I sent him a dubious glance, squinting, because the wall behind him was of actual shaped gold leaves, layered like Spanish roof tiles from floor to ceiling.

"We don't need a wedding," he said, stepping closer, cupping his hands around my eyes so I wouldn't squint. His lips touched the tip of my nose. "You're here, you're one of us, already entrenched in our legend. You are Alpha, you're mine. So they'll pay homage to you. It's in our blood. It's how we are."

Alpha, me . It seemed both impossible and just what I'd always secretly, deliriously expected.

Oh, Rez was fully awake, and she was well pleased.

Our eight days brimmed with wonder. Our nine nights with a dark and magnificent passion. I took the time to find the meadow I'd call Sanctuary and began to hang the first of the crystal lustres from the trees around it, the ones that would lead me to my future. Sandu helped, reaching the taller boughs, sometimes boosting me up to his shoulders so I could get the highest ones of all.

I drank the wine and ate the food and submerged myself in this bright new gladness, this sense of home and love. Of hope for the very best of tomorrows.

Of course, none of that actually came to pass.

Instead, Lia showed up.

Chapter Twenty-Five

It had been a very long while since Amalia had attempted a hunt. And it had been even longer since she'd flown in daylight.

Not that this was much of a hunt. She knew where she was going, just as she had known where to go to find Zane. She'd been to Zaharen Yce before, in her wilder youth, even though over a decade had passed since she'd been anywhere near the bald, snow-scuffed Alps that cradled the last of the original tribe of drakon .

She remembered the mountains. She remembered the taste of the wind, that icy snap of pine and glacier frosting her senses. The flash of the green and blue lakes below, the cold foaming rivers. Forests rippling over hill and dale in velvet colors without end.

The first of the dragons approached while she was still leagues away. He'd been a haze of smoke above a field when she first spotted him, but had swept near with a sudden velocity as soon as he was high enough to Turn to full dragon.
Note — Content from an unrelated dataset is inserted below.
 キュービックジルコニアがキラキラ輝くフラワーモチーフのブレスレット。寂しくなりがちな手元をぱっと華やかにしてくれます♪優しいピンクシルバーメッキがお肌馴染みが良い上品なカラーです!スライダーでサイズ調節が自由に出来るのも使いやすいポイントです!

He was burnt red and orange, only a little larger than she. He arrowed close enough to force her to veer, which she didn't, because Lia knew better than to let his first challenge lead to her capitulation.
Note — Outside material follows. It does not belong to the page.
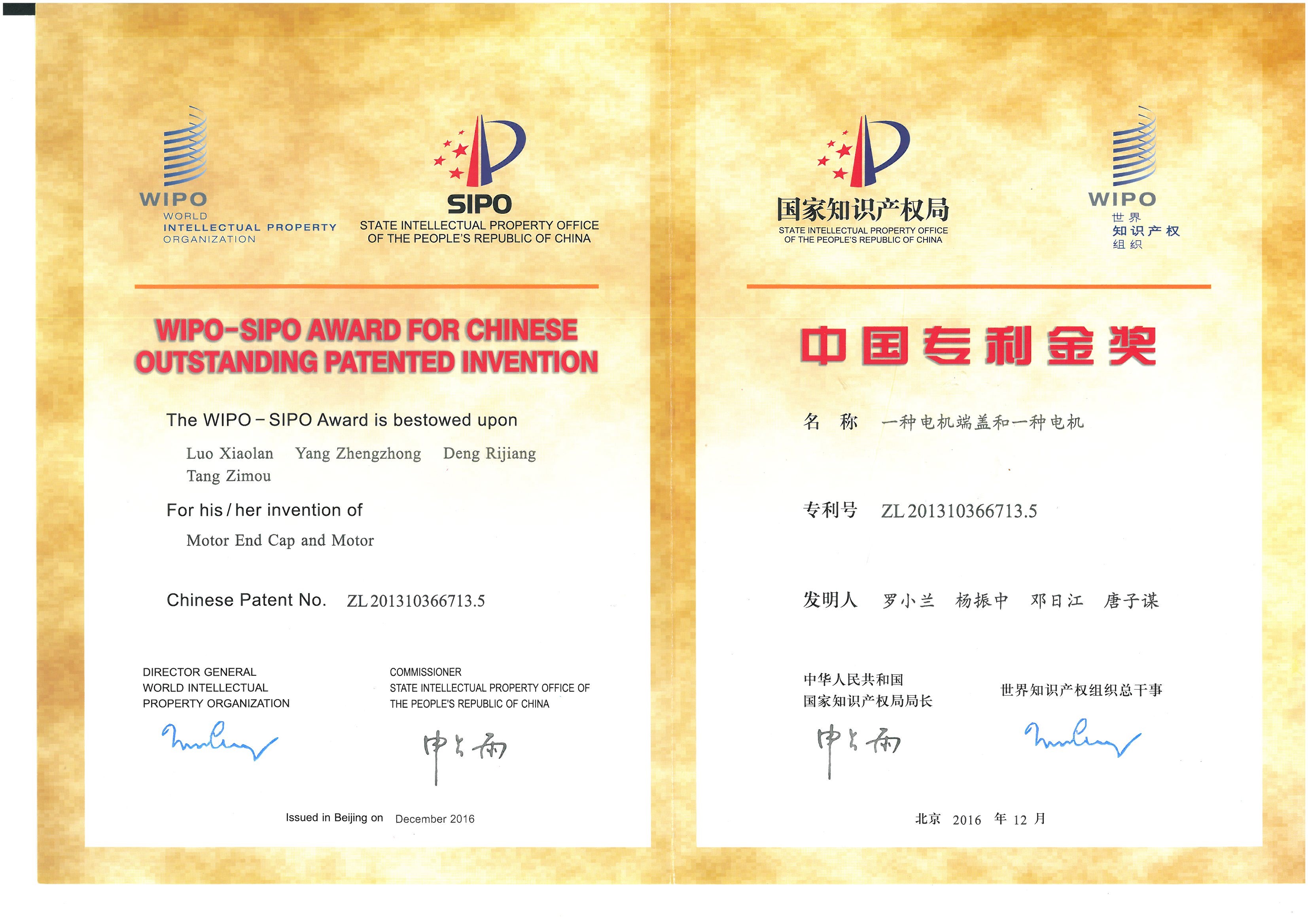 中国专利金奖证书

The new dragon veered off instead; she got a very good look at the crisscross pattern of his scales. No doubt he'd gotten near enough to realize her gender, as well. He didn't try to force her down again, but instead began to fly alongside her, his lips curled back and his eyes strangely scarlet.

Lia herself was dyed more of the heavens, cobalt and violet with pearled wings, golden barbs along her tail. In certain lights she knew she blended with the sky, but it was too late to blend, and she had no intention of slinking into Zaharen Yce anyway.

They flew as a pair. Another mile in and yet another dragon looped up to join them, a green one, all different shades of green, from ivy to peridot to glass.

The next one was bronze and rust, and the next silver and pink and black.

By the time she circled above the turrets of the fortress, she had an escort of no less than eighteen male dragons, and she didn't know where the hell they thought they'd all land, but she herself was going for the inner courtyard, because it was graveled and open, and she'd likely break only one of the fountains in her skid.

She broke two.

They were oversized and placed too close together, but she still might have avoided them if her escort had only realized what she was entirely about. Instead, a dragon with a yellowish back and an actual gray beard attempted to head her off at the last moment, and Lia was forced to duck beneath him, snapping at his flank. It shattered her concentration just enough to sacrifice that second fountain, which had featured a large bird or a dolphin, and was probably ugly anyway.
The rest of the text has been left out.